How to complete this task:
Transcribe the line that contains "Ein Beitrag einer" and every line after it to the end of the records, exactly and nothing else. Skip the pictures.

Entries supplied:
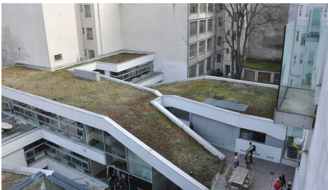
Fig. 4. Wimbergergasse Townhouse, Delugan & Meissl, Viena, 2001, (imagen: el autor)
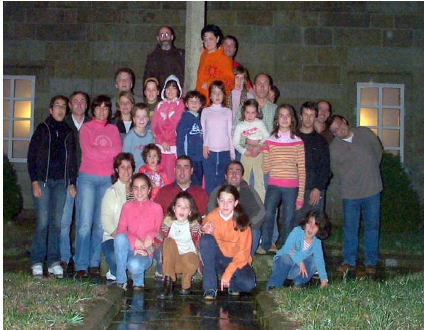
Foto de grupo Retiro Adviento 2007

○ Retiros, ya sean en el propio convento o fuera. Normalmente de uno a 3 días en una población cercana (Trives, Herbón,...).
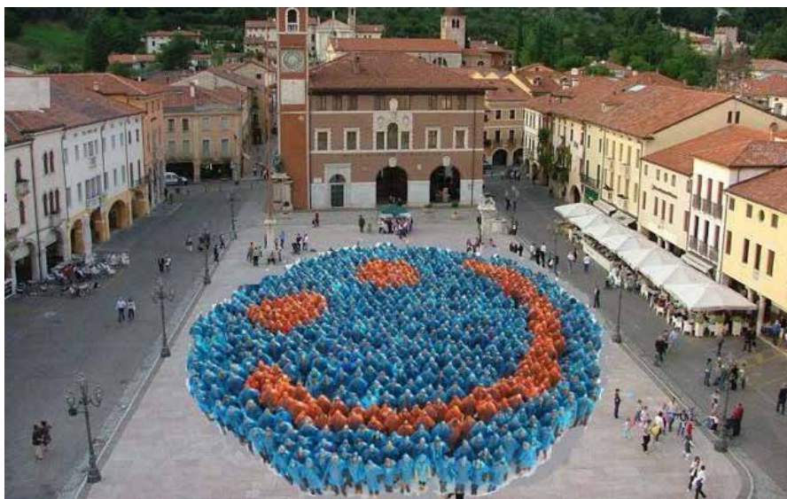
Ein Beitrag einer Arbeitsgruppe: Die Fotomontage zeigt ein Bild aller Volksbank-Mitarbeiter auf dem Hauptplatz von Marostica, dem Sitz der Banca Popolare di Marostica.

Die Erweiterung um 61 Filialen mit knapp 400 italienischsprachigen Mitarbeitern bereitete den Angestellten im deutschsprachigen
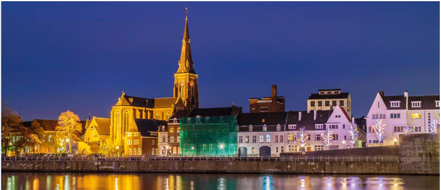
Stadt-Silhouette von Maastricht

Reisepreise pro Person: TM9770 im Doppelzimmer € 745,- im Doppelzimmer zur Alleinbenutzung € 875,-

Answer box:
Ein Beitrag einer Arbeitsgruppe: Die Fotomontage zeigt ein Bild aller Volksbank-Mitarbeiter auf dem Hauptplatz von Marostica, dem Sitz der Banca Popolare di Marostica.

Die Erweiterung um 61 Filialen mit knapp 400 italienischsprachigen Mitarbeitern bereitete den Angestellten im deutschsprachigen
Stadt-Silhouette von Maastricht

Reisepreise pro Person: TM9770 im Doppelzimmer € 745,- im Doppelzimmer zur Alleinbenutzung € 875,-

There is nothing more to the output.